Cuando en 2003 Merriam-Webster incluía en su famoso diccionario el término “McJobs”–refiriéndose a los puestos de trabajo mal pagados donde además las probabilidades de promoción son mínimas-, el consejero delegado de McDonald’s se sintió tan molesto que, en protesta, publicó una carta expresando su malestar. Sus demandas no llegaron a buen puerto y el término “McJobs” sigue estando en el diccionario. Merriam-Webster explicó que su misión es recoger y definir los términos que la gente utiliza, pero no entra a juzgarlos. McDonald’s no tira la toalla y a principios de este año puso en marcha otra campaña en el Reino Unido, esta vez para intentar convencer a Oxford English Dictionary de que haga desaparecer dicho término.
Tal y como sugiere este debate, es una creencia bastante generalizada que las franquicias, en especial aquellas del sector de la comida rápida, crean empleos sin futuro. Humoristas como David Letterman tienen muchos chistes sobre el tema. Se escriben libros con títulos como Fast Food Nation (La nación de la comida rápida) o Nickel and Dimed (Pago en calderilla). Incuso Peter Cappelli, director del Center for Human Resources (Centro de Recursos Humanos) de Wharton, admite haber aceptado el prejuicio de que muchas franquicias ofrecen “malos puestos de trabajo”, donde el salario es escaso, las prestaciones son pocas y las oportunidades de formación y promoción limitadas.

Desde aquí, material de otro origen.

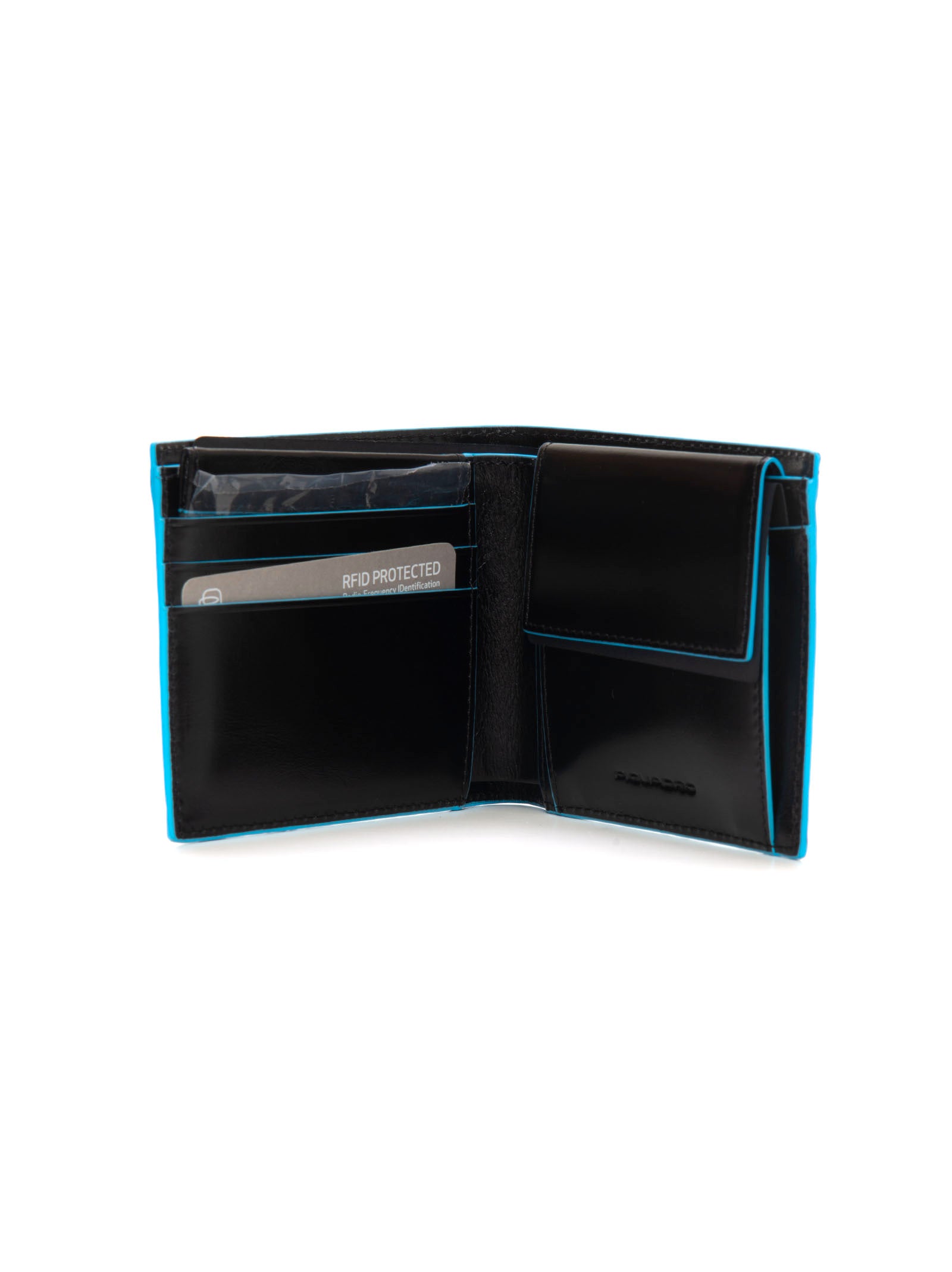 Portafoglio, scomparto banconote, scomparti portacarte, scomparto portamonete, profili in contrasto, logo in acciaio cromato, composizione: 100% pelle, linea: PIQUADRO.

Pero Cappelli, profesor de Gestión, y Monika Hamori, profesora de Gestión del Instituto de Empresa en España, decidieron investigar si los hechos corroboran dicha creencia popular. Una de las conclusiones del estudio que acaban de finalizar, titulado “Are Franchises Bad Employers?” (“Franquicias: ¿malos empleadores?”), es que en algunos casos no tiene por qué ser cierta. “Después de controlar por el tamaño y el sector, encontramos poca evidencia de que los empleos son peores en las franquicias; de hecho, podemos demostrar de son mejores que los creados en empresas equivalentes”, escriben.
Analizando los datos de un informe nacional sobre empleo diseñado por Cappelli, estos investigadores descubrieron que las franquicias pagaban a sus empleados mejor que las empresas independientes de tamaño similar y pertenecientes al mismo sector; además ofrecían más formación. De hecho, en lo que respecta a formación, las franquicias superaban a sus competidores independientes en dos aspectos: no sólo formaban a un mayor porcentaje de sus empleados sino que, en promedio, además ofrecían más horas de formación por empleado. También eran más propensas a tener una política formal de formación y a utilizar prácticas que precisan la participación de los empleados, como por ejemplo reuniones con el gestor de calidad total. A menudo las reuniones pueden ser aburridas, pero en muchas empresas son una oportunidad para que los empleados den a conocer sus opiniones e ideas.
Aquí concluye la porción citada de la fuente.